» **Prompt**:
Apart from the pictures, every entry below should be repeated exactly.

[Stored entries]
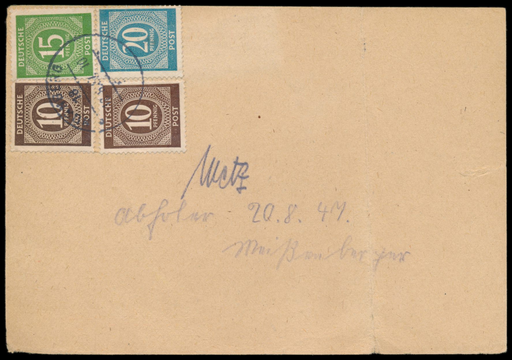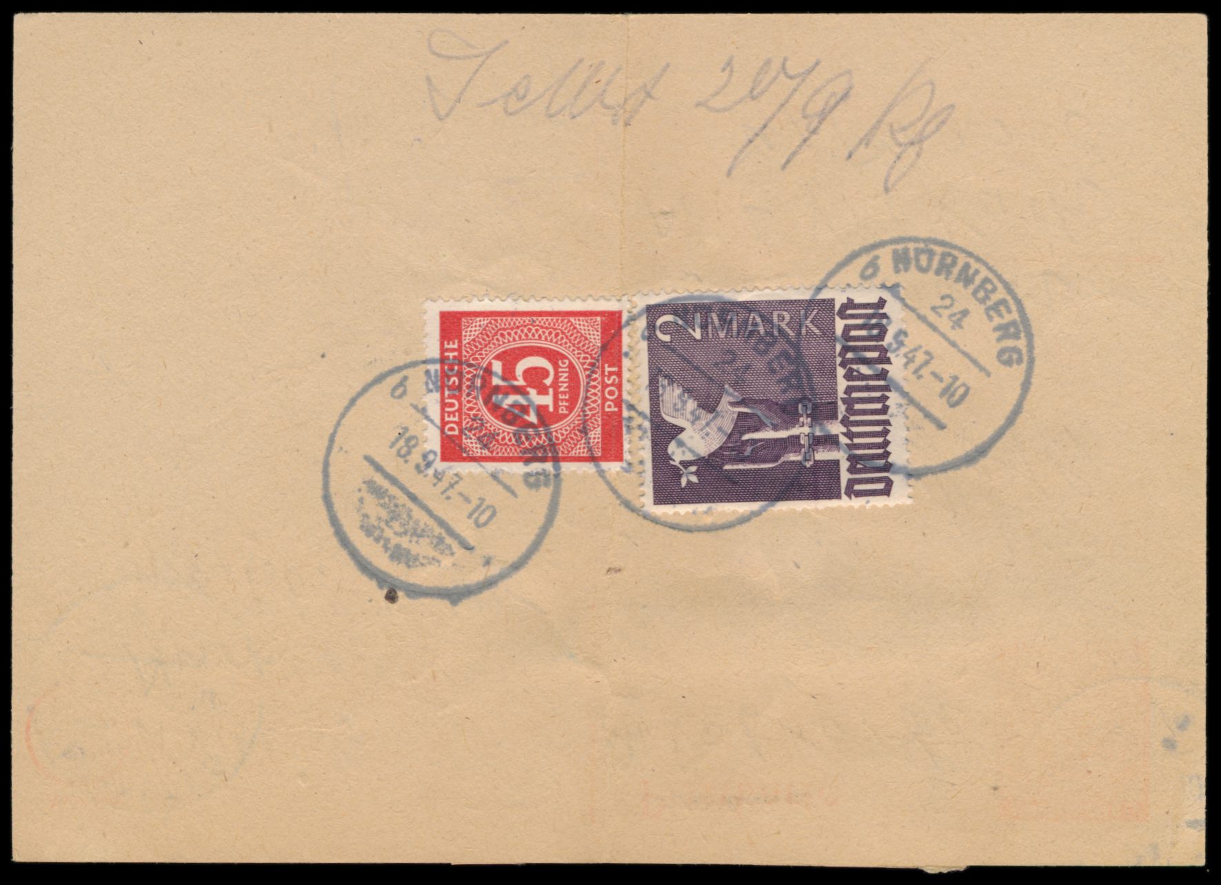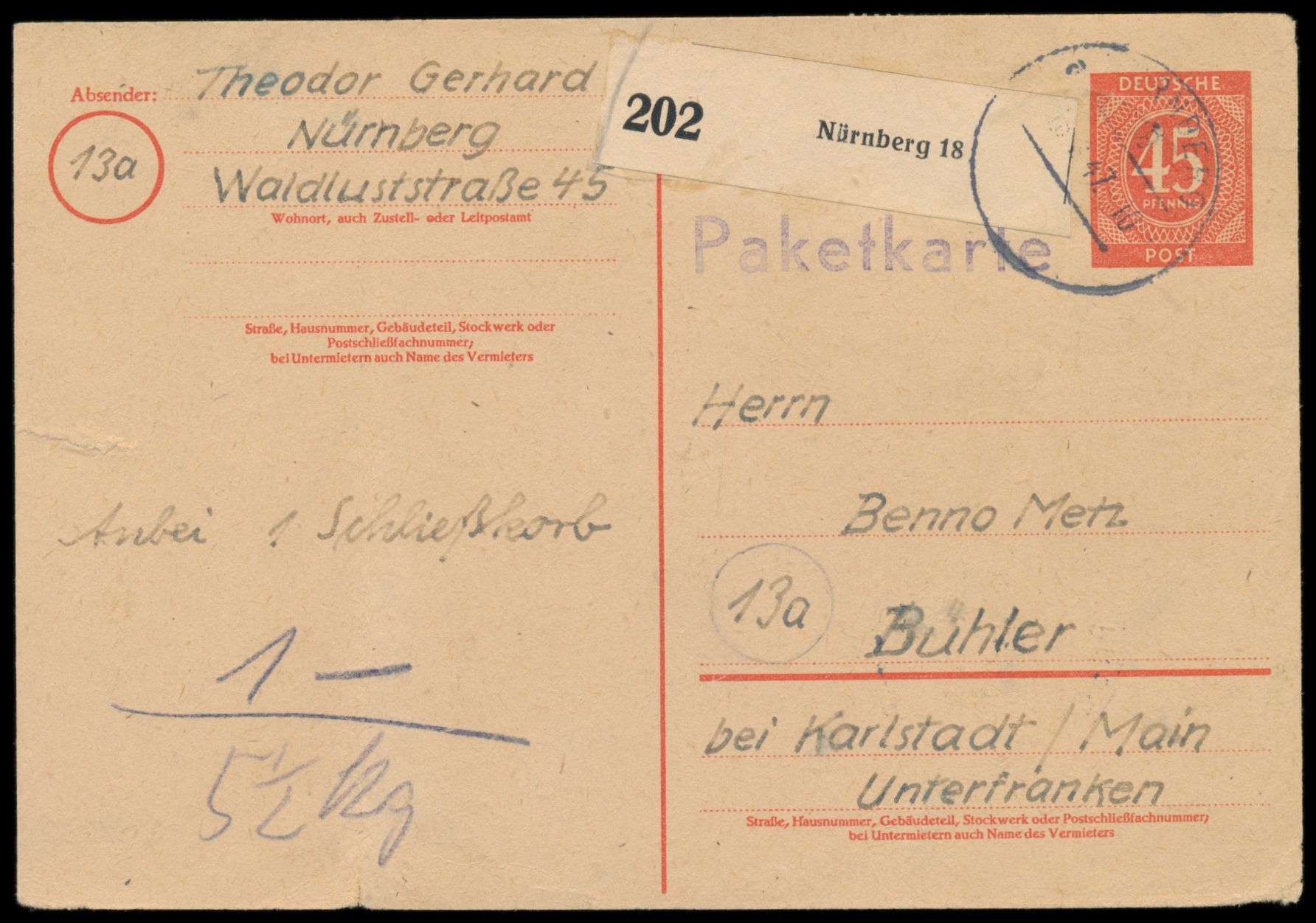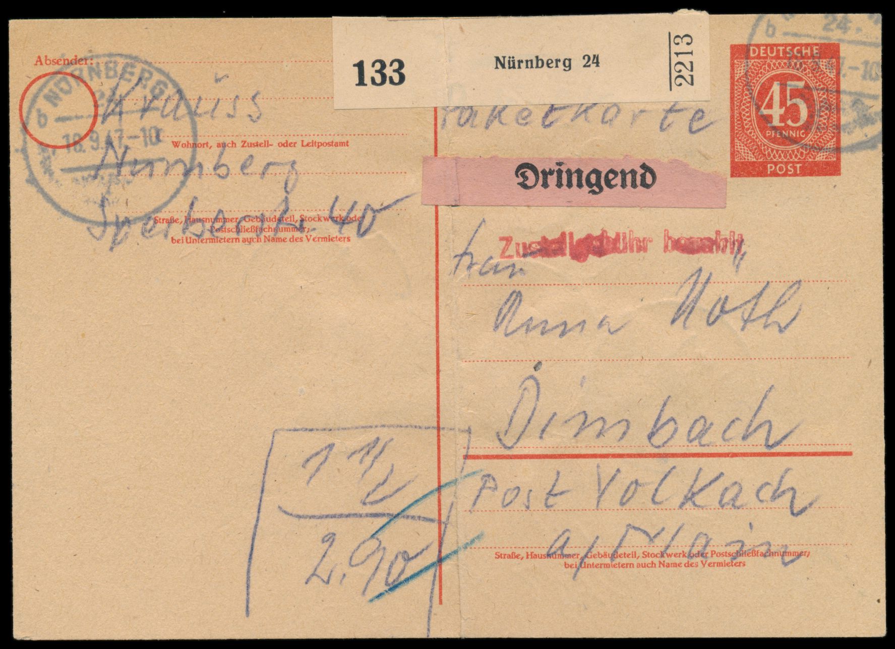 Ganzsache 45 Pf. Ziffer mit viol. Handstempel "Paketkarte" von Nürnberg 3 als Notpaketkarte mit Aufgabestempel Nürnberg 18 18.8.47 verwendet, rückseitig 2 x 10 Pf., 15 Pf. und 20 Pf. Ziffer als Portoergänzung, für ein Paket nach Bühler bei Karlstadt, Porto 1 M., handschriftlicher Zustellvermerk 20.8.47, komplett, links 1 cm Riss, übliche leichte Beförderungsspuren
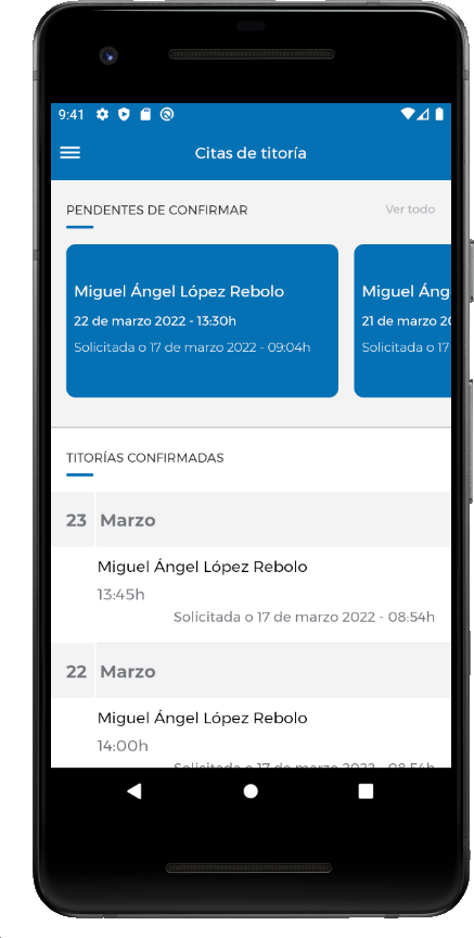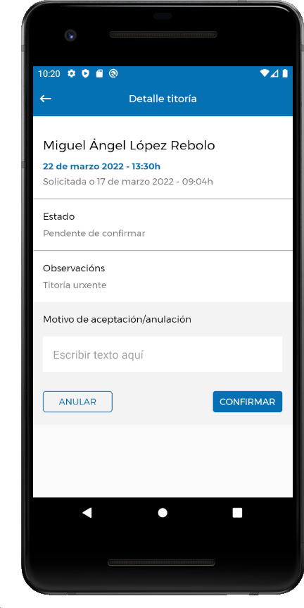 Para confirmar unha cita de titoría o primeiro paso é seleccionala na sección “Pendentes de confirmar” pulsando sobre ela e accedendo ao detalle da mesma.
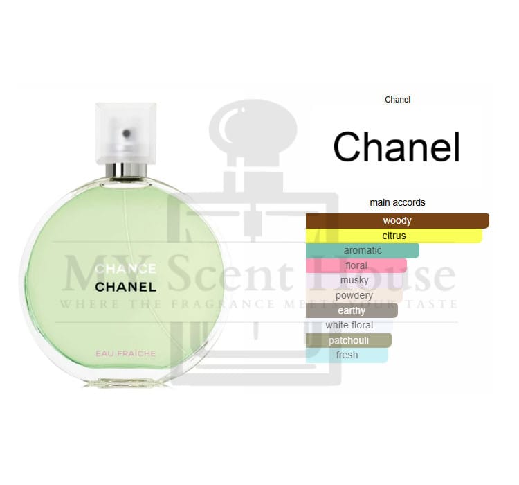Chance Eau Fraiche by Chanel is a Chypre Floral fragrance for women. Chance Eau Fraiche was launched in 2007. The nose behind this fragrance is Jacques Polge. Top notes are Lemon, Cedar and Citron; middle notes are Water Hyacinth, Pink Pepper and Jasmine; base notes are White Musk, Patchouli, Vetiver, Teak Wood, Iris and Amber.
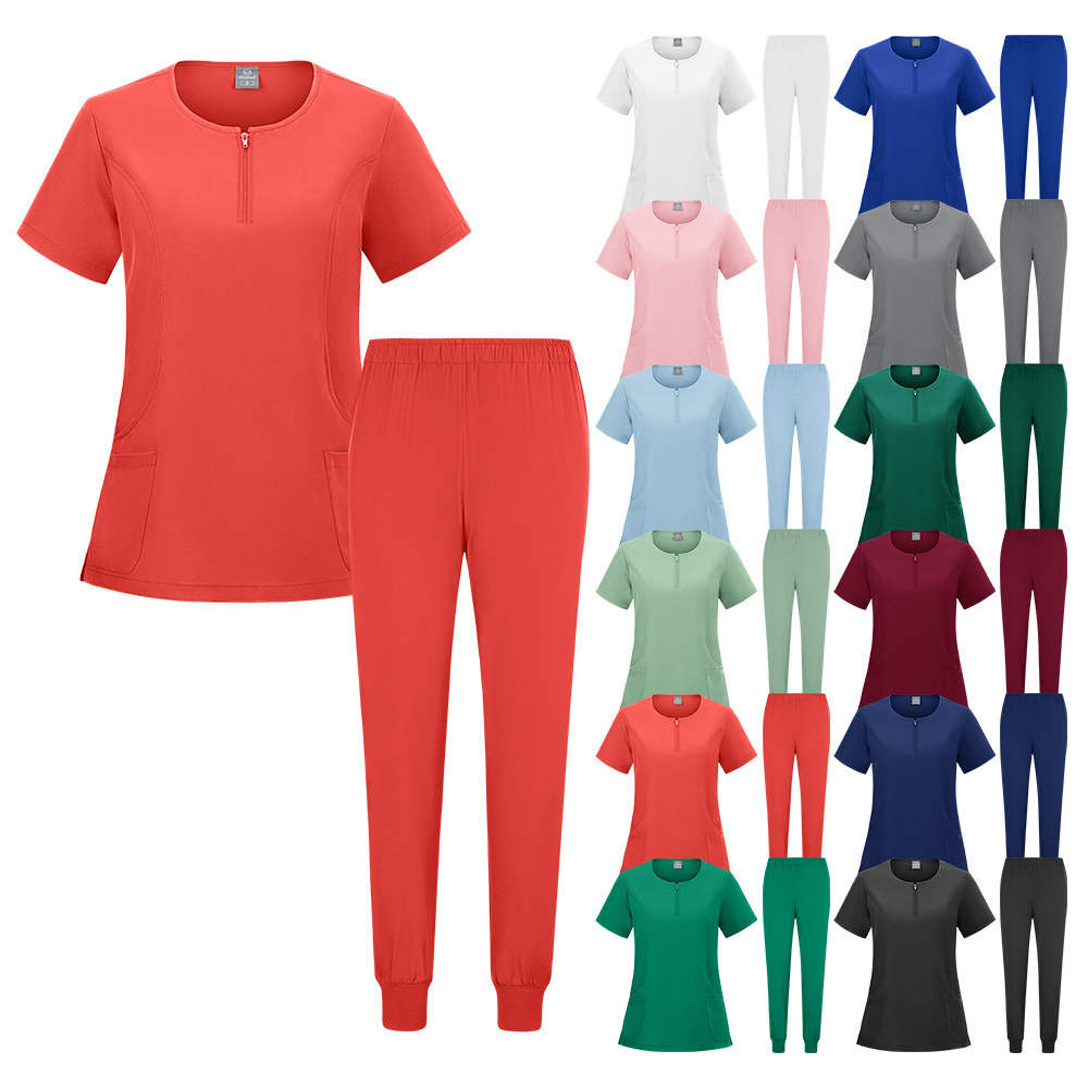 跨境新款圆领短袖洗手衣牙科医生隔离衣男女弹力速干拉链护士服
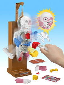 引いたカードの指示に従って、人体模型の内臓・骨・手足パーツを戻していくゲームです。パーツをうまく入れられないと、人体模型の顔が飛び出し、全てのパーツも派手に飛び出すスリル満点のパーティーゲームです。
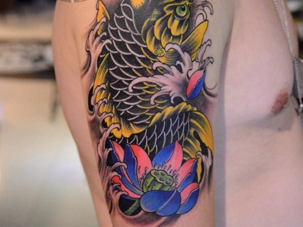 大臂上的金色小鲤鱼纹身
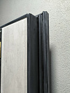 Внешняя сторона — тёмная, с вертикальной рифлёной текстурой и диагональным акцентом. Такой рисунок держит строгий вид и визуально вытягивает полотно по высоте.
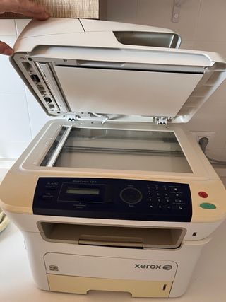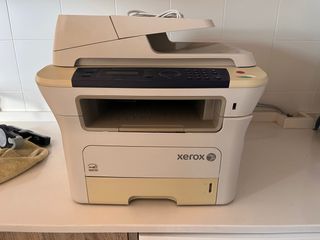 Impresora multifunción Xerox WorkCentre 3210 en color beige y blanco. - Escáner integrado. - Copiadora. - Conectividad USB. - La impresora tiene la tapa del escaner suelta, pero no afecta a su funcionalidad.
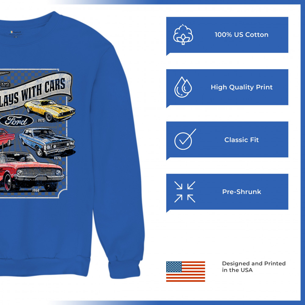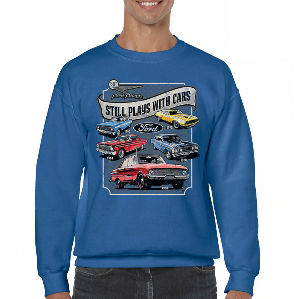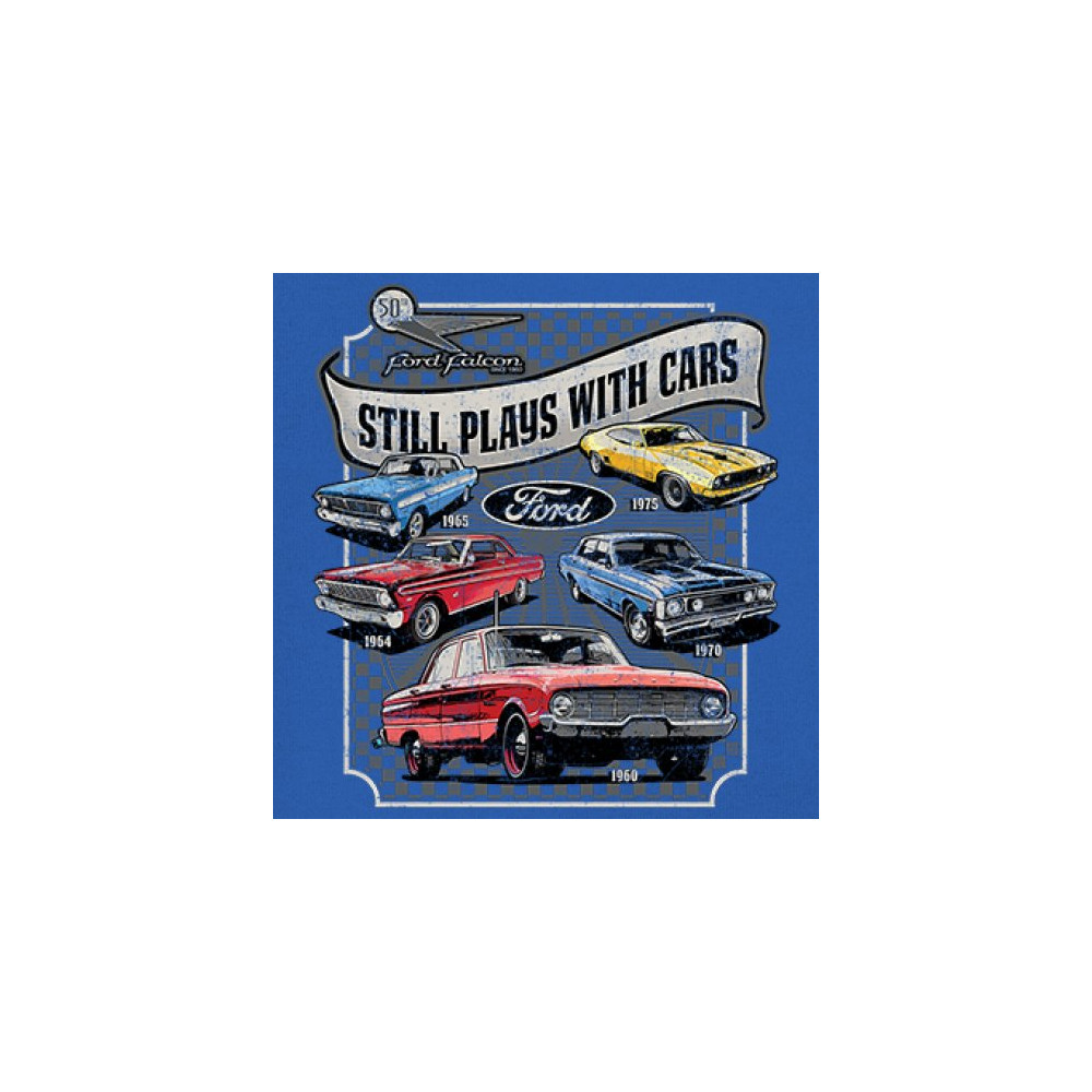 Still Plays With Cars pays tribute to the Ford Falcon, showcasing legendary models from the 60s and 70s for true vintage car lovers. Perfect for gearheads, hot rod fans, and classic car collectors, this design celebrates retro automobile culture, vintage horsepower, and old school rides. A great value piece for anyone devoted to the classic car scene.

» **The completed task**:
 Ganzsache 45 Pf. Ziffer mit viol. Handstempel "Paketkarte" von Nürnberg 3 als Notpaketkarte mit Aufgabestempel Nürnberg 18 18.8.47 verwendet, rückseitig 2 x 10 Pf., 15 Pf. und 20 Pf. Ziffer als Portoergänzung, für ein Paket nach Bühler bei Karlstadt, Porto 1 M., handschriftlicher Zustellvermerk 20.8.47, komplett, links 1 cm Riss, übliche leichte Beförderungsspuren
 Para confirmar unha cita de titoría o primeiro paso é seleccionala na sección “Pendentes de confirmar” pulsando sobre ela e accedendo ao detalle da mesma.
Chance Eau Fraiche by Chanel is a Chypre Floral fragrance for women. Chance Eau Fraiche was launched in 2007. The nose behind this fragrance is Jacques Polge. Top notes are Lemon, Cedar and Citron; middle notes are Water Hyacinth, Pink Pepper and Jasmine; base notes are White Musk, Patchouli, Vetiver, Teak Wood, Iris and Amber.
 跨境新款圆领短袖洗手衣牙科医生隔离衣男女弹力速干拉链护士服
 引いたカードの指示に従って、人体模型の内臓・骨・手足パーツを戻していくゲームです。パーツをうまく入れられないと、人体模型の顔が飛び出し、全てのパーツも派手に飛び出すスリル満点のパーティーゲームです。
 大臂上的金色小鲤鱼纹身
 Внешняя сторона — тёмная, с вертикальной рифлёной текстурой и диагональным акцентом. Такой рисунок держит строгий вид и визуально вытягивает полотно по высоте.
 Impresora multifunción Xerox WorkCentre 3210 en color beige y blanco. - Escáner integrado. - Copiadora. - Conectividad USB. - La impresora tiene la tapa del escaner suelta, pero no afecta a su funcionalidad.
 Still Plays With Cars pays tribute to the Ford Falcon, showcasing legendary models from the 60s and 70s for true vintage car lovers. Perfect for gearheads, hot rod fans, and classic car collectors, this design celebrates retro automobile culture, vintage horsepower, and old school rides. A great value piece for anyone devoted to the classic car scene.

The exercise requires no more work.